Sometimes, as we come home at nightfall from our walk, I hear, high up in the bracken and the broom, a small keen voice singing shrilly, some large and doleful verse maybe of lou Grondo (la Grande), the endless patois chant our peasants sing; or perhaps a stanza of the Marseillaise. Some poor child up there is growing frightened in the dusk! Ours is a Celtic country, full of phantoms, elves, and fairies. Who knows but the huntsman with his spectral rout may dash out of yonder hollow? There is also, and especially, the Drac, a subtle spirit whose dear delight it is to play pranks at twilight on the little herds—a Proteus imp who can change into any shape, who plaits the cattle’s tails and manes into inextricable mats, who pulled Touéno’s ears only last November, one evening as he sat upon the hill, leaving the child half-dead with fear. Who but the Drac misleads the baby cowherds when they and their cattle take a wrong turning, when nights are dark? ’Twas he, most likely, who placed the stone on which our Corrado slipped and broke her leg. It is scant comfort, so far afield and quite alone, to remember that he is no respecter of persons; or how, one chilly winter’s night, he pulled the farmer’s wife herself right out of bed. Nothing is sacred to the Drac!
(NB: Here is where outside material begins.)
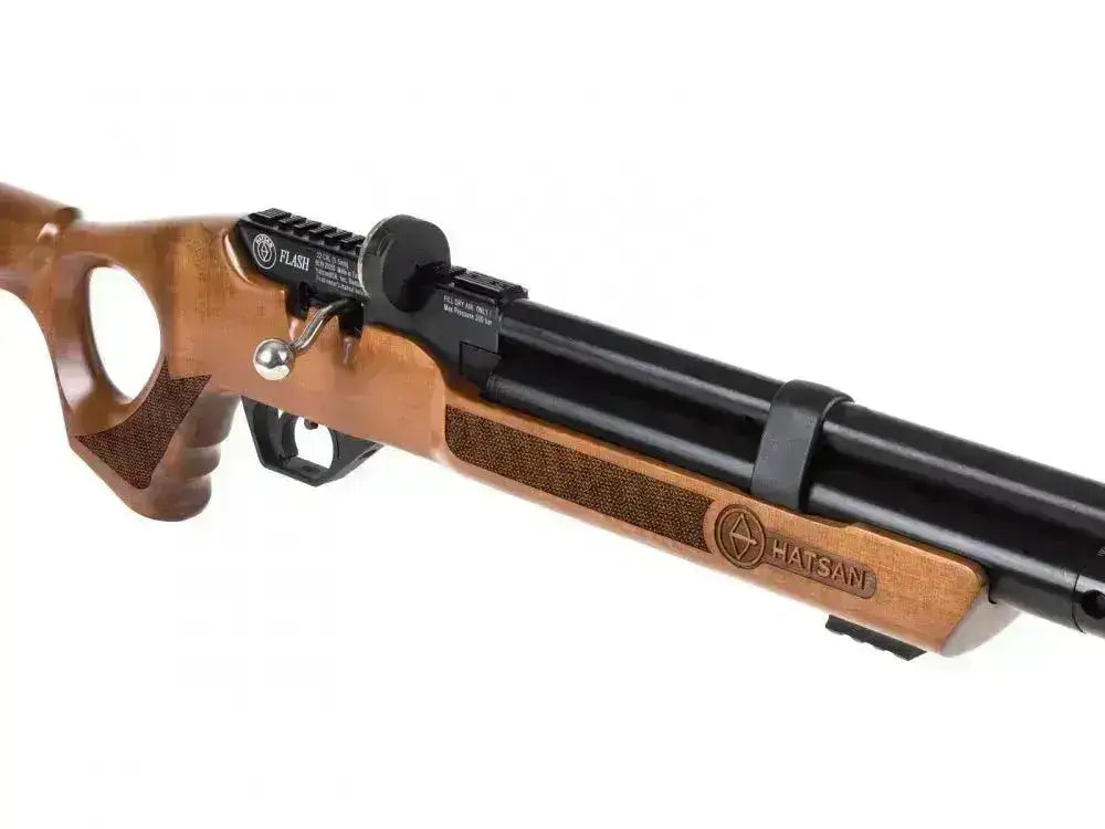 This edition features a gorgeous Turkish walnut stock, unlike the standard Flash QE, which has a polymer stock. This air rifle is fully silenced and has a rifled barrel, bolt action, and 2x 14 shot magazines that provide a total of 100 shots per fill. Due to its power and accuracy, it is particularly well-suited for target shooting at longer distances.

More cause for fear! Sing louder, little shepherd, and I’ll join in, down here in the lane, to hearten up your courage!

IV

Yesterday, we drove to the buron on the mountain. Buron is a local word, which we fondly believe to be derived from the Greek, a relic perhaps of antique settlers, in the south, near Marseilles; however this may be, it is not patois: in our dialect, we call the buron, lou mosut—“the little house.” Has not Vermenouze sung the little red-tiled hut, on the summit of the mountain, “like a young cock, red and small, reared up there in his glory, in the middle of the blue sky.”

“Lou mosut, coumo un golitchiou
Quilhat omoun, rougi e pitchiou,
Ol mièt dèl cieu blus, dins lo glorio.”

However we may call it, a buron expresses a little lonely habitation on the mountain, almost a hut, where the neatherds sleep in summer, and where the cheese is made, day after day, from the end of May till mid-October. It is a long climb from Olmet to the plateau whereon these little cheese-farms multiply and prosper. The road, in steep zigzags, mounts the hill; we leave the pasture behind us, and the fields of flowering buckwheat, and even the high heathery ridge of the Pas du Luc; we enter the hanging beechwoods and crawl up the wall of the cliff, until lo! we emerge on a great sea of undulating pasture-land, apparently illimited, save here and there by a grey mountain peak. The foreground is studded with tiny red-roofed burons, each shaded by its group of centenary limes.

“L’erbo[1] que pousso eici, pès puèts è sus plotèu
N’es pas coumo en obal, e pus rudo e pus sono,
E sent bon; li troubai l’ourgulhouso cinsono,
Que despleguo soi flours jiaunos coumo un dropéu.”

Do you understand?

“The grass that grows up here, on the puys and the plateau,
Is not like that below, it is rougher and more wholesome:
It smells good; there you find the proud gentian
Who displays her yellow flowers like a banner.”

It was after four when we at last reached the buron. The cows had come in from the moor to the fold. The milkmen had donned their blouses of grey hemp-linen, which hung in stiff hieratic folds. Each had, tied to his loins, a queer stumpy stool, like some odd sort of bustle. Now they call: “Frijado! Morgorido! Marquise!” Amid a silvery tinkle of cow-bells the beautiful red beasts approach. As each takes her stand, a cow-herd brings up to her a curly red calf. But the poor beastie has scarce pulled a throatful or so of its mother’s milk (its mother or its foster-mother, for at the buron each calf has a mother and a nurse) when a strong arm pulls it away and holds it tightly until the pail is full, when it may resume its supper, while the cow caresses it with a loving maternal tongue. All round the fold the beasts are being milked, the calves are bleating or sucking, the herdsmen are busy. Only in the middle, impassible and haughty, sits the bull, with a look that seems to say: “All this has nothing to do with me. Let them settle it among themselves.

Now the cattle will remain all night in the fold, unsheltered. Every morning three sides of the palisade are displaced, so that the cows never sleep twice in the same bed; and in this primitive fashion, at the end of the summer, the whole pasture has been manured: it is called the fumado. After the milking time at dawn the cattle are set free, and all day long they pasture in the aigado, or marshy moor, where the gentian, the pink, the meadowsweet and larkspur grow among the rush and the broom, the bilberry and heather. Here the grass is scantier, but sweet and aromatic. To the quantity of wild thyme and savoury herbs in the aigado, the peasants attribute the wholesome flavour of the Cantal cheese.